Sé curioso, no prejuicioso…
Walt Whitman
La voz
de John Chávarri se escuchó por todo el salón: ¡Profe, se han hecho la
caca!
El
maestro oyó la queja, pero continuó escribiendo en la pizarra. El polvillo de
la tiza blanca se acumulaba en las mangas de su camisa azul y en los recovecos
de sus pulmones. Federico Soto llevaba diez años enseñando matemáticas en el
Baden Powell, un colegio particular en Los Olivos, y lo que había aprendido en
ese tiempo era que la generación estudiantil de hoy siempre es mucho más
salvaje que la anterior.
Profe,
insistió Chávarri, se han cagado.

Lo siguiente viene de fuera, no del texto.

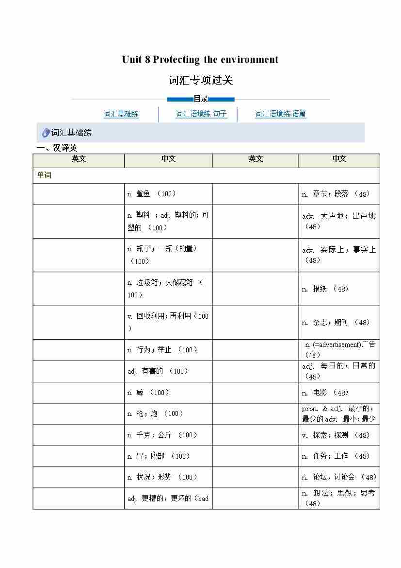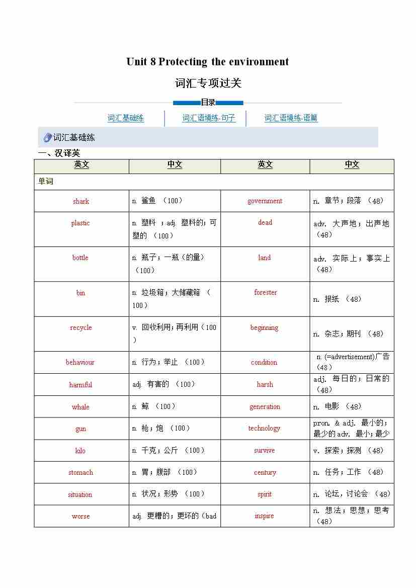 Unit 8 Protecting the environment (重难词汇精炼)(原卷版)

Huele a mierda.
Federico
le puso punto final al párrafo de tres líneas que ocupaba el largo superior de
la pizarra. Ese es el problema, chicos. Tienen un minuto para copiarlo
y cinco para obtener la respuesta. El que salga a la pizarra y lo resuelva
correctamente tiene dos puntos extra en el examen final.
Dejó
la tiza sobre la mesa y se acercó a la carpeta de Chávarri.
Profe,
se han cagado al fondo, pe. Haga algo. Así no se puede estudiar.
Federico
miró hacia la esquina que le señalaba Chávarri. Medio escondido por las cabezas
de sus compañeros, Renato Soldevilla se limpiaba el culo con unas hojas
cuadriculadas.
Tiraba
los trozos usados hacia la otra esquina del aula. Federico cogió la regla de
Chávarri y fue hacia Soldevilla.
¿Se
puede saber qué está haciendo?, interpeló el maestro. El
olor era insoportable. No era un excremento seco y consistente el que había
salido del culo de Soldevilla, sino uno pastoso, churretoso.
Puta,
profe; usted no me dio permiso para ir al ñoba. Y, ya ve, tengo la barriga
hecha mierda. Me cagó el ceviche que comí anoche.
Un
murmullo de risas sofocadas esperaba el desenlace de la escena. Todo el mundo
sabía que el profesor de matemáticas, Federico Soto, caería esa tarde.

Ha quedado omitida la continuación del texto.